# TASK BRIEF
Make an exact copy, from the records below, of the lines from the line containing "第四屆山東省勘察設(shè)" to the line containing "[01:35.387] | 二十三岁伴随着更多的压力还有挑战 |", both lines included, excluding pictures.

# EXCERPTED RECORDS
Start of Block
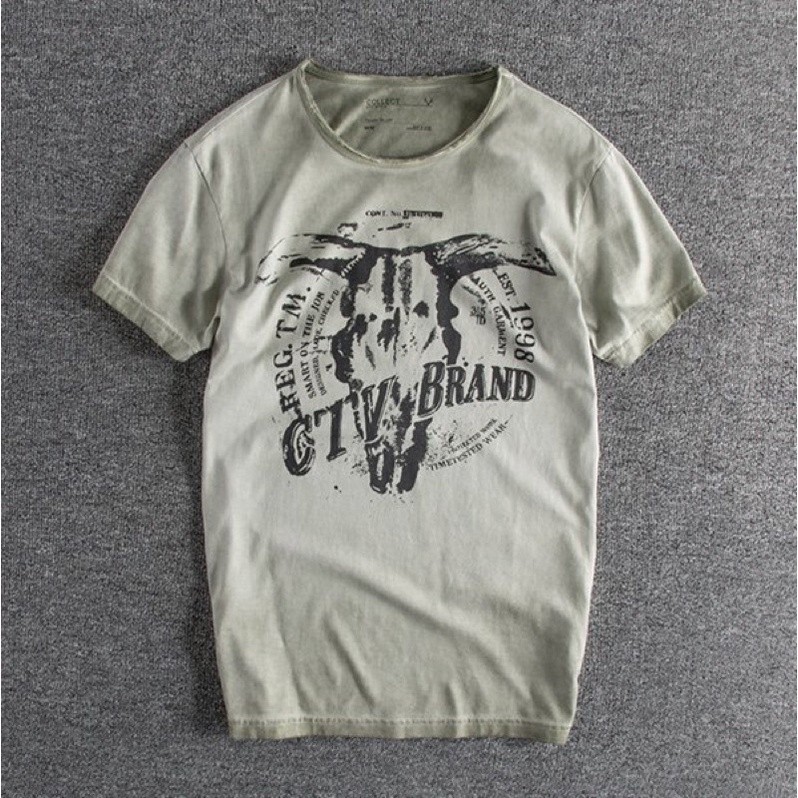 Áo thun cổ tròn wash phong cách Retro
End of Block
Start of Block
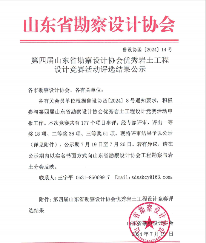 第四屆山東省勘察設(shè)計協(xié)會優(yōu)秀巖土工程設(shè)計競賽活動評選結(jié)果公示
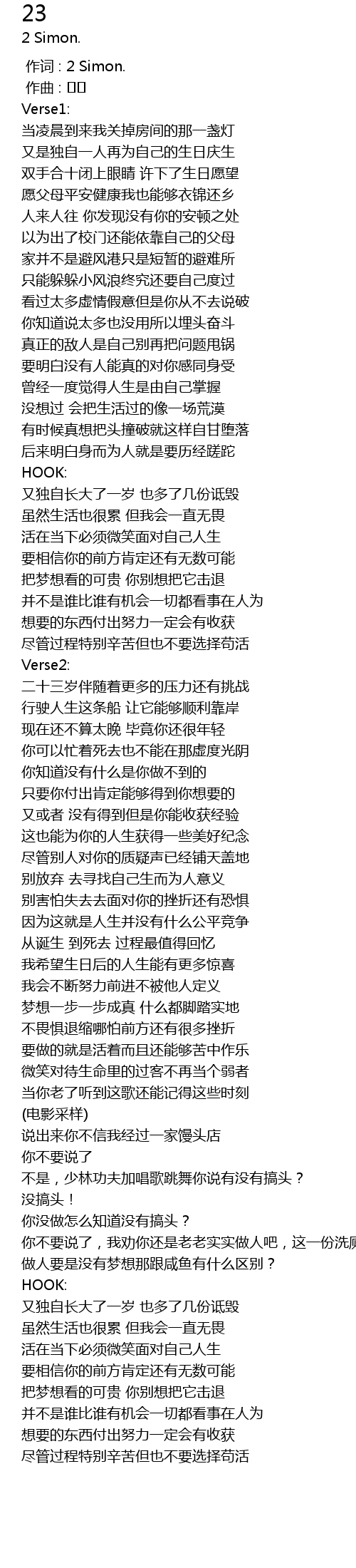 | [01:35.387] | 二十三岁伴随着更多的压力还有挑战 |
End of Block
# PROBLEM SOLUTION
 第四屆山東省勘察設(shè)計協(xié)會優(yōu)秀巖土工程設(shè)計競賽活動評選結(jié)果公示
 | [01:35.387] | 二十三岁伴随着更多的压力还有挑战 |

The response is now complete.